Momentum has been building in thin-film photovoltaics (PV) in recent years. Records were few and far between from 1998 to 2013, with cells holding the best mark for as long as two or three years. Efficiency increased by just 0.1 percentage points a year on average. In the last three years, though, the world record has been eclipsed every six months or so, with an average increase of 0.7 percentage points per year. With these latest advances in R&D, thin-film cells could soon be a serious contender for the silicon-based solutions that have dominated the PV market for years. Multicrystalline silicon cells' lead is now 1.3 percentage points.

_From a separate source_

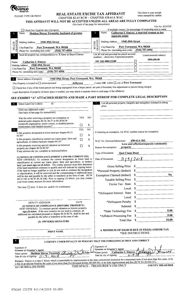 | Mailing Address: | 808 T ST PORT TOWNSEND, WA 98368-3402 | % Ownership: | 100.0000000000% |

ZSW researchers still see plenty of untapped potential in the technology behind CIGS solar cells. "I expect that we can achieve up to 25 percent efficiency in the years ahead," says Michael Powalla, ZSW board member and head of the photovoltaics division.

Thin-film cells are also making strides in other areas, as key performance indicators would go to show: CIGS PV technology is catching up to multicrystalline silicon when it comes to entire modules' efficiency (whereby the larger module is always slightly less efficient than smaller cells). The two technologies are not very apart these days with 15 to 17 percent efficiency, respectively.

At 40 cents per watt, the cost of manufacturing CIGS modules has also come down to a level on par with that of silicon technology. Scientists are confident that modules' efficiency ratings could reach 18 percent or even higher, with production costs dropping to around 25 cents per watt. While the price of silicon PV products depends largely on economies of scale, CIGS modules can be manufactured at low cost even on a relatively small scale.

In the months ahead, ZSW will team up with its industry partner Manz AG to port this latest advance out of the lab and into the factory. Manz, a mechanical engineering firm based in Reutlingen, offers turnkey manufacturing lines for CIGS thin-film solar modules.